Three Imaginary Girls

Seattle's Indie-Pop Press – Music Reviews, Film Reviews, and Big Fun

This is a thick, encyclopedic collection of essays about aesthetics, by people who have a tendency to take structural forms (pop songs, soul music, genre literature, rock criticism, etc.) and mutate them into new forms of media.

From textbook-style packaging and accompanying CD, it may seem like a dry read, but it isn't. This is probably the most useful music journalism manifesto since Re/Search published its Industrial Handbook or Tape Delay came out in the mid-80s (with its writings by and interviews with Cave, Galas, etc.).

That's not to say everything in here makes total sense to the average reader. Author Jonathan Lethem does an avant-text loop of popular culture quotes that reminds me of similar experiments from the past few decades, but I don't find "The Ecstasy of Influence: A Plagiarism Mosaic" very satisfying for either instruction or entertainment. And certainly not more compelling than what Stewart Home and the Neoists wrote using the same ideology and technique in the late 80s. I didn't particularly need another interview with Moby either.

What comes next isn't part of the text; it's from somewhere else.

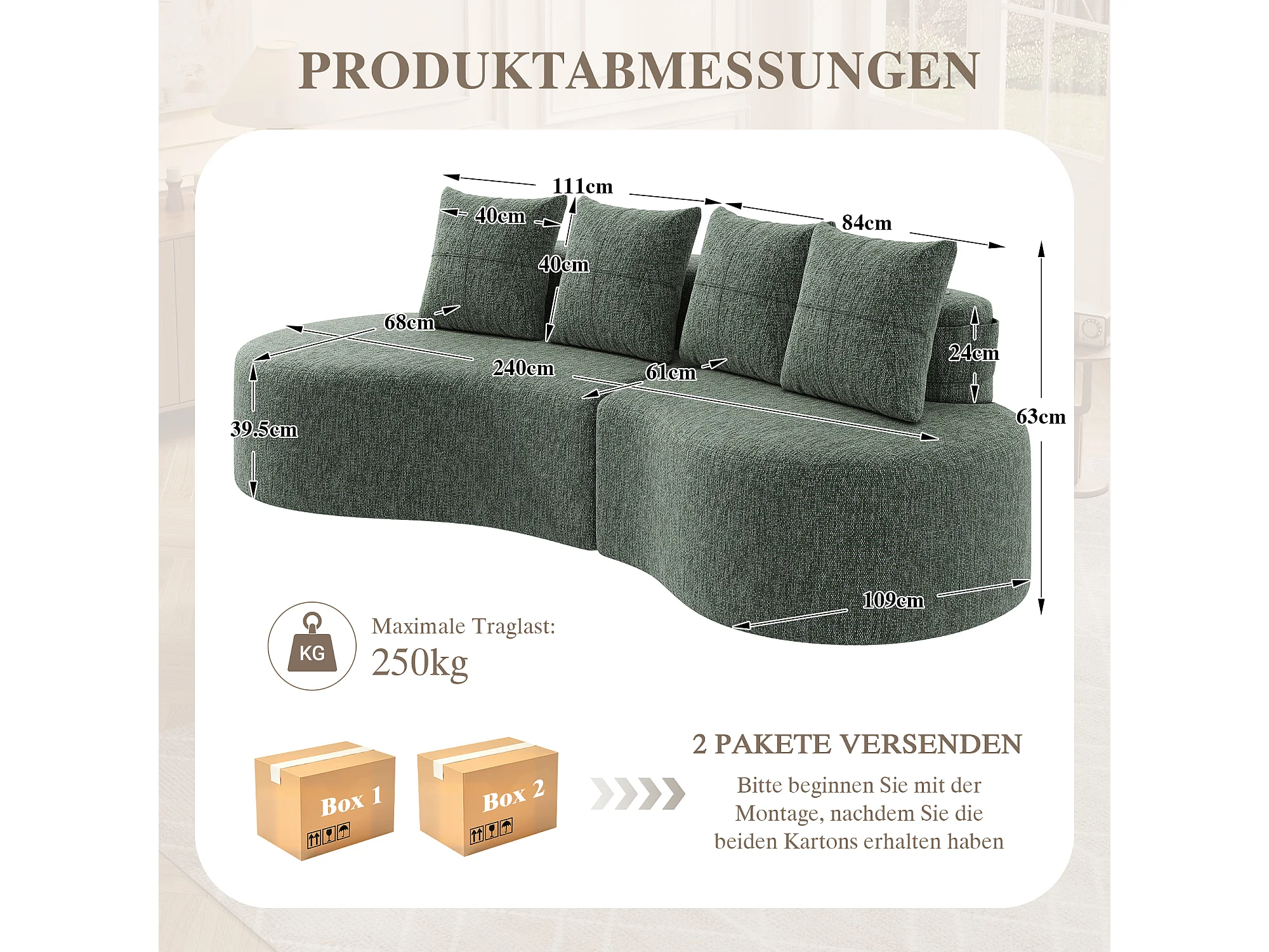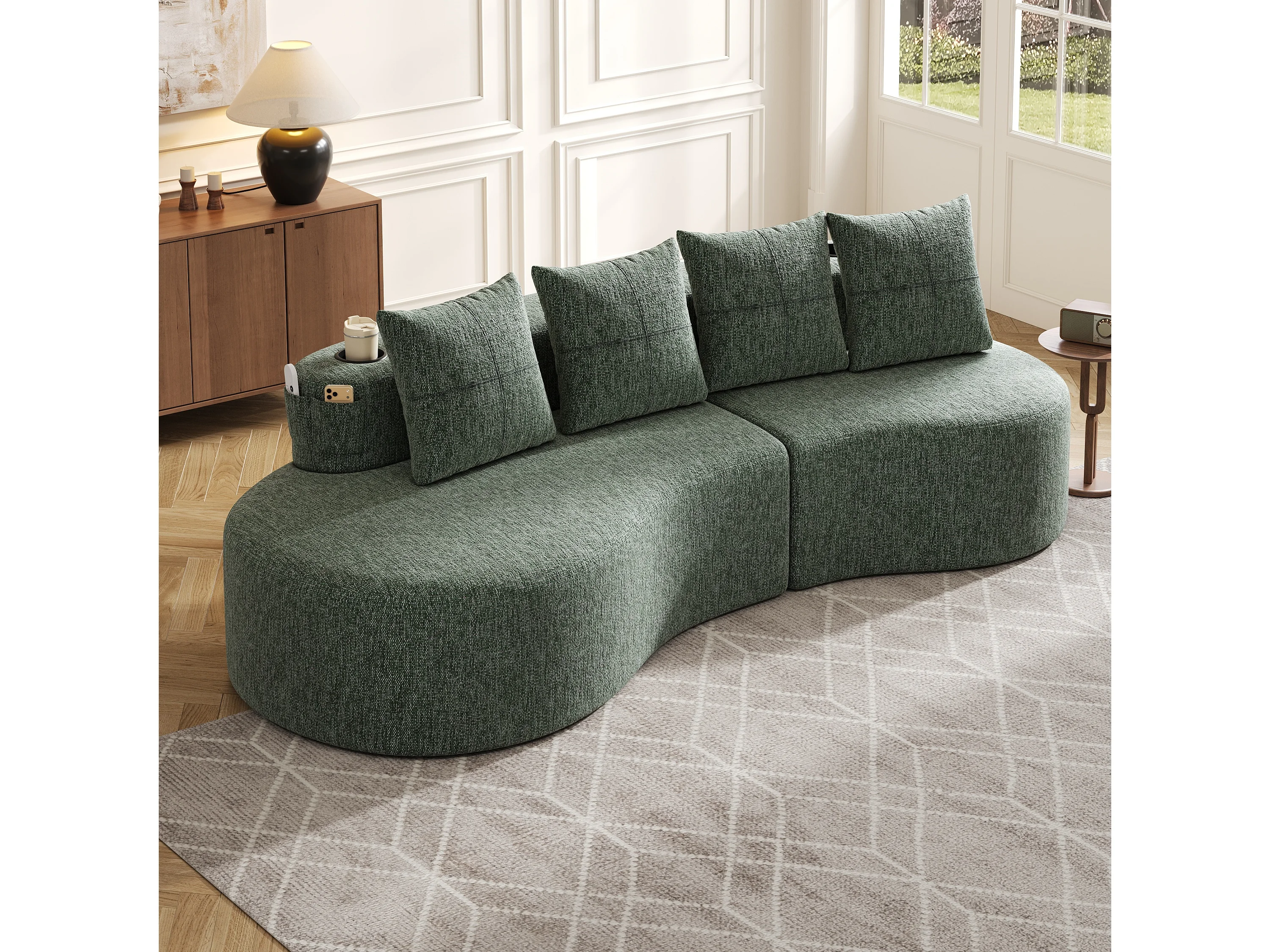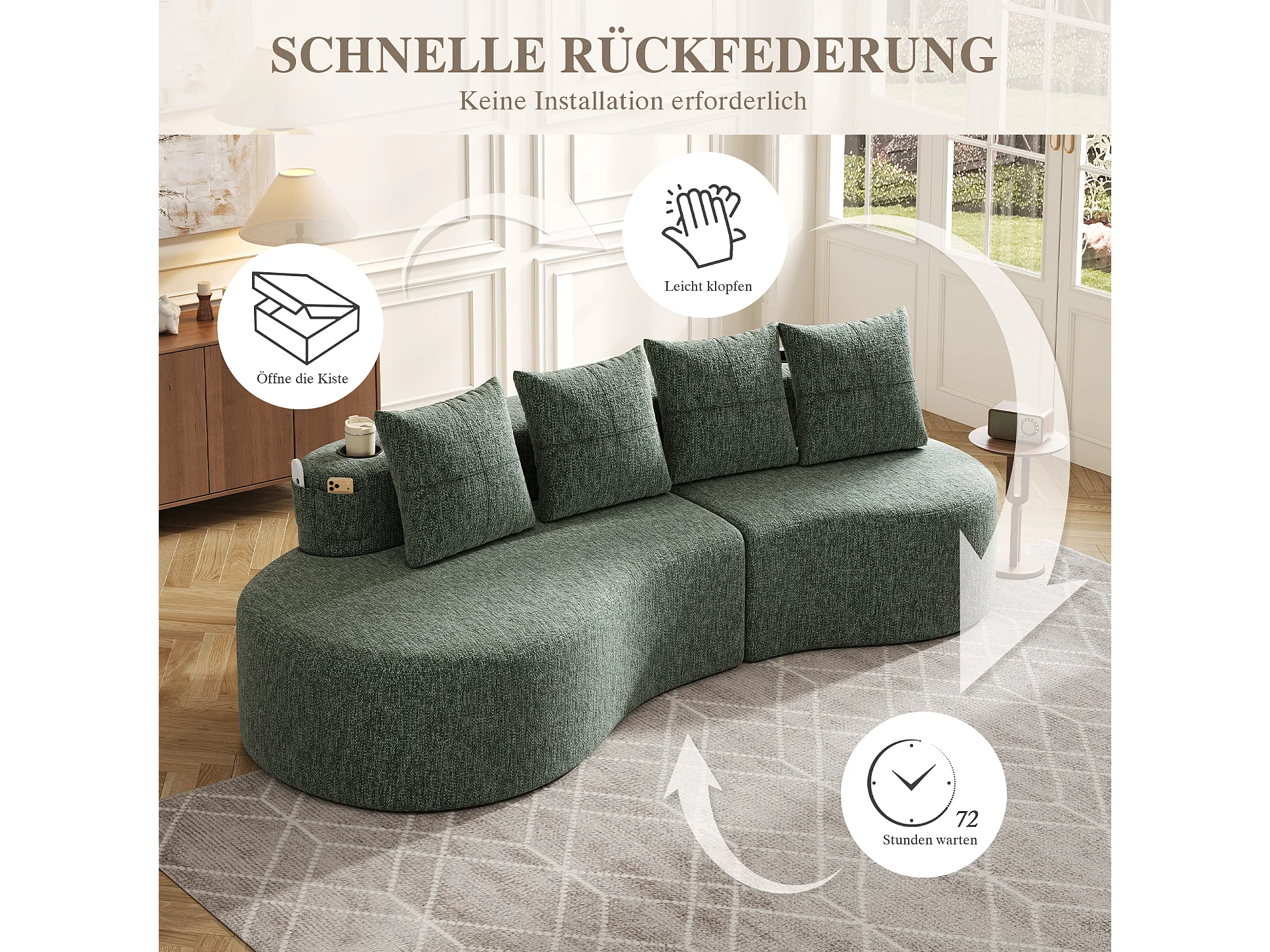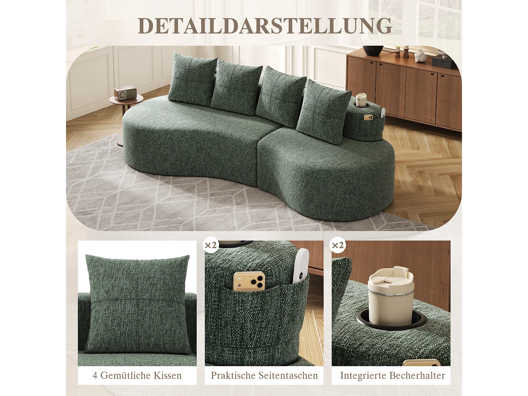 Canapé 3 places en lin avec 4 coussins, porte-gobelet et poche latérale - Verr

Here's a thought: Why did Leonard Cohen change from acoustic guitars to Casio keyboards for the "Various Positions" records and every album thereafter? As far as I know, no one has really discussed that at length with him, who like Tom Waits changed his entire style in context so that his content wouldn't be outdated. All of Moby's artistic decisions have been backed up by the milieu (whether in sales or by critical consensus), but Cohen's is always seen as tacky (due to him using cheap technology? That can't be it, can it? Because classicism by noise-fetishists would suck — unless of course, it always does come down to what gear you can afford, and how few 'ordinary' people actually listen to your music). And both have genre (hardcore and folk) backgrounds. 

But that's criticizing something for what it isn't, and what this book is, is great. Cyberpunk novelist and "dead media researcher" Bruce Sterling does a remarkable job at discussing the merits of communicative forms that are archaic, and yet have tumescent value to the artist. (For example, the quipu, that was once "the nervous system of a major civilization," the Incas, and it was a very simple-seeming but extremely efficient "knot system" of historical record, a  computer and calculator and day planner made out of colored threads.)

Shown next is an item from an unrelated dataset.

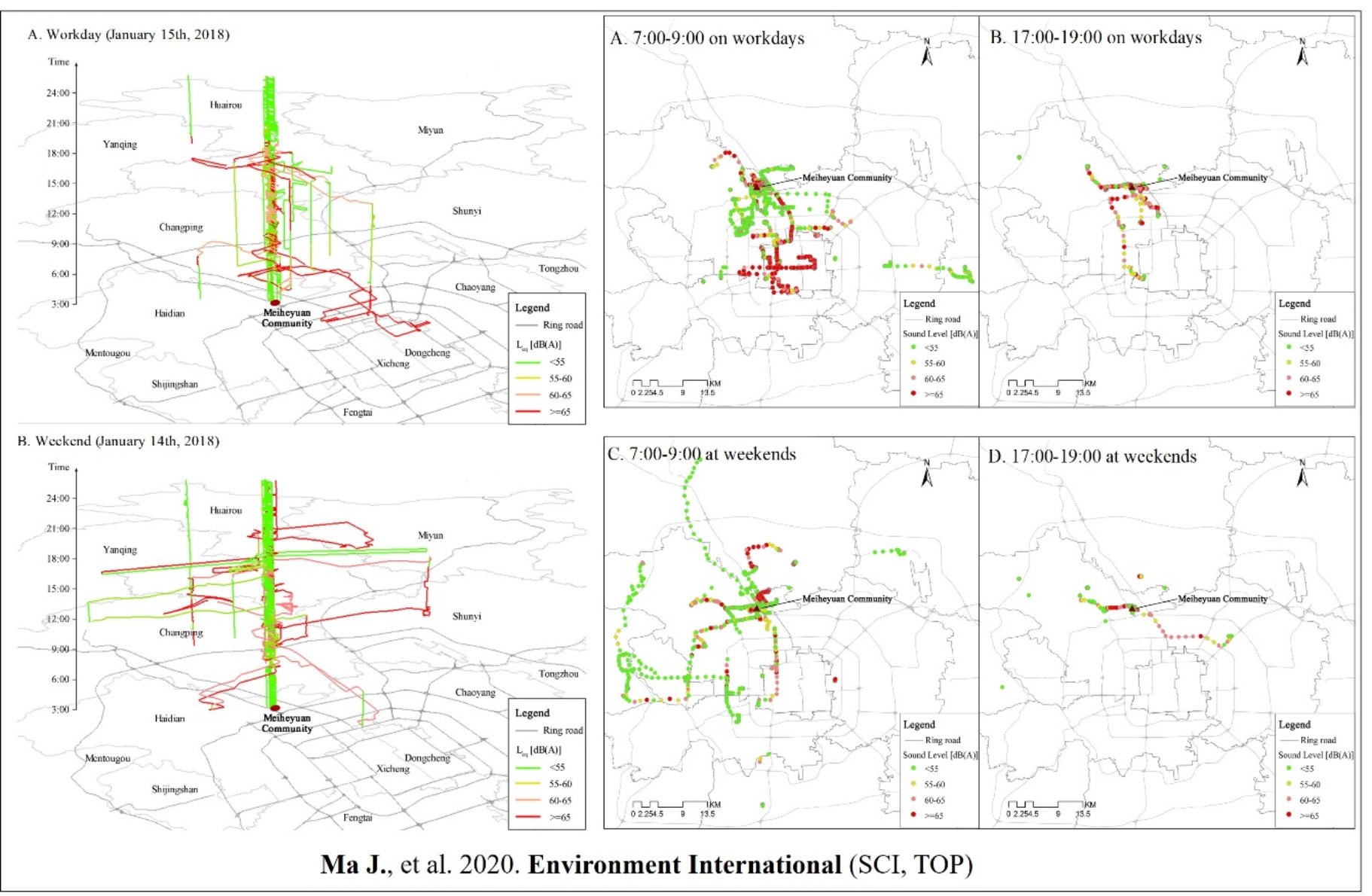 Ma, J., Li, C., Kwan, M., Kou, L., and Chai, Y. (2020). Assessing personal noise exposure and its relationship with mental health in Beijing based on individuals’ space-time behavior. Environment International, 139: 105737.

Sterling reminds us that cinema was a combination of a whole bunch of so-called "failed technologies" (such as Edison's kinetoscope, but also including the tachyscope, the vitagraph, the cinematographe, et al) as well as how "talkies" were not the only films in which people spoke (it just happened to become the popular form, for reasons of marketing and luck).

Dick Hebridge, who wrote one of the very best books about the roots of punk style and millennial fashion, "Subculture," contributes a brilliant meditation on dystopia as well, while one of my very favorite writers, Erik Davis (whose Led Zep 33 1/3 is head and shoulders above most of the other volumes in the series, and never fails to make every issue of Arthur Magazine a transcendent experience) examines the dense spiritual terrain between polyrhythm, technology and race: he knows heavy anthropological shit about the beliefs and practices of primitive cultures and what kind of future our own ideologies and art-forms will lead to, not to mention chatting up good stuff about funky cosmic music a couple decades ago, and his contribution could be considered the centerpiece of an already excellent book.

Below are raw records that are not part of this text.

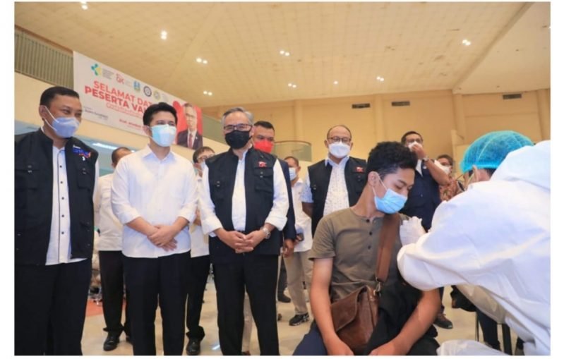 “Upaya ini terus kita dorong supaya vaksinasi ini bisa cepat menjangkau lebih banyak masyarakat,” kata Wagub Emil saat mendampingi Ketua Dewan Komisioner Otoritas Jasa Keuangan (OJK) RI Wimboh Santoso bersama Kepala OJK Regional 4 Jatim Bambang Mukti Riyadi meninjau pelaksanaan “Vaksinasi Terimakasih” di Airlangga Convention Center (ACC) di Jl. Dr. Ir. Soekarno Mulyorejo Surabaya, Sabtu (4/9).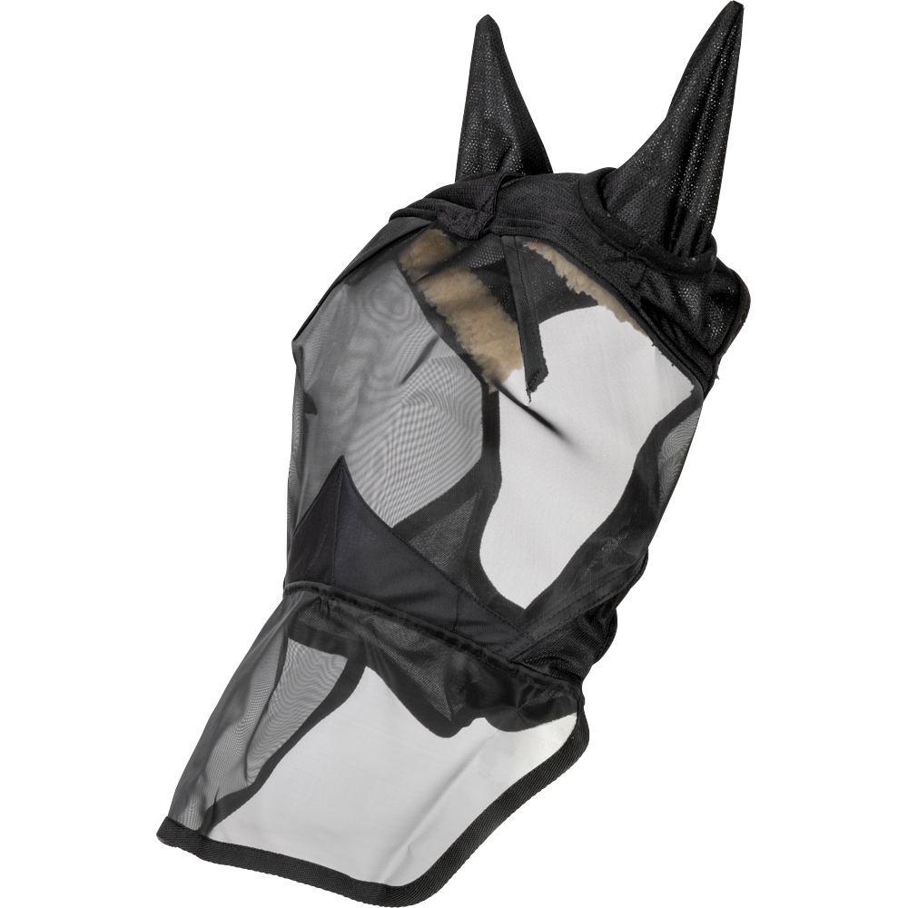 Heltäckande flughuva som skyddar de känsliga ögonen och öronen på hästen, ger dessutom skydd över nosen. Hål för pannluggen. Mjuka material som andas.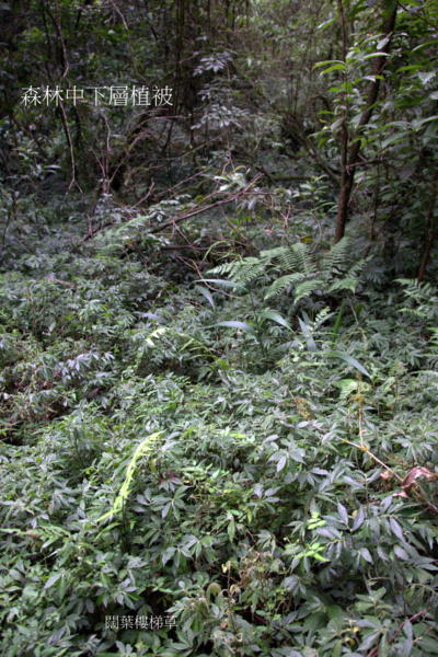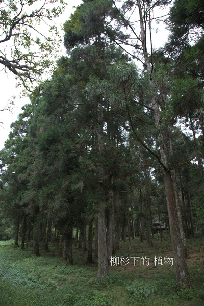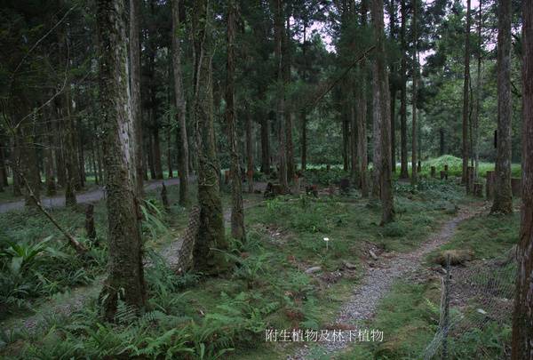 林下植物是一群能適應較弱光照的耐陰植物,當陽光經過層層茂密的樹冠層,到達森林底層只剩少量的光量,為增加光合作用面積,其葉子通常較大且薄.林下植物不僅增進森林層次及生物的多樣性,更提供了野生動物隱蔽的棲息場所及食物來源,是森林生態體系中不可或缺的一部分.這片高聳齊整而又茂密的柳杉林下種植著一群低矮的耐陰性地被草本植物或灌木.綻放五顏六色花朵,這些林下植物展現了它們仰望陽光求生的各種姿態,在微光中吐露著寧靜光輝.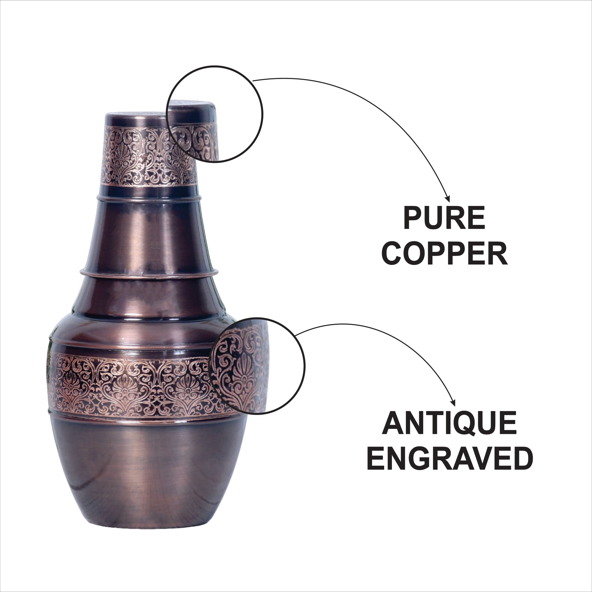 Pure Copper Bedside Venus Jar Antique Engraved with Inbuilt Glass Capacity 1400 ML.

Simon Reynolds (whose book Blissed Out about rock and techno and spirituality broke the news about Nick Cave's fixation  on the Bible, and the secret Situationism of many of your favorite underground artists) has a wonderful accompaniment to Davis's piece called "Renegade Academia."

From there, Brian Eno studies time and sound (and as I've always said, anything you can read of Eno will teach you at least one thing you've never even thought about before) through the history of bells, and Chuck D, Saul Williams, and Daniel Bernard Roumain take a more kinesthetic approach, keeping the text alive and crisp, and other writers like Joseph Lanza focus on the real reason misperceived "E-Z Listening" music was so compelling and collectable for "hi-fi" owners back in the days of early space age bachelor pads and swinging wreck rooms.

If the EMP Pop Con was strictly about dropping sound science, it would be in the form of this book. So buy it with Listen Again, the great new tome of Pop Con collected papers/presentations, and Brian Coleman's Check the Technique from last year, an update of his roots-of-rap Rakim Told Me, for the whole smear. That's a whole lot of great reading about listening, and as Mr. Davis might say, a whole lotta love.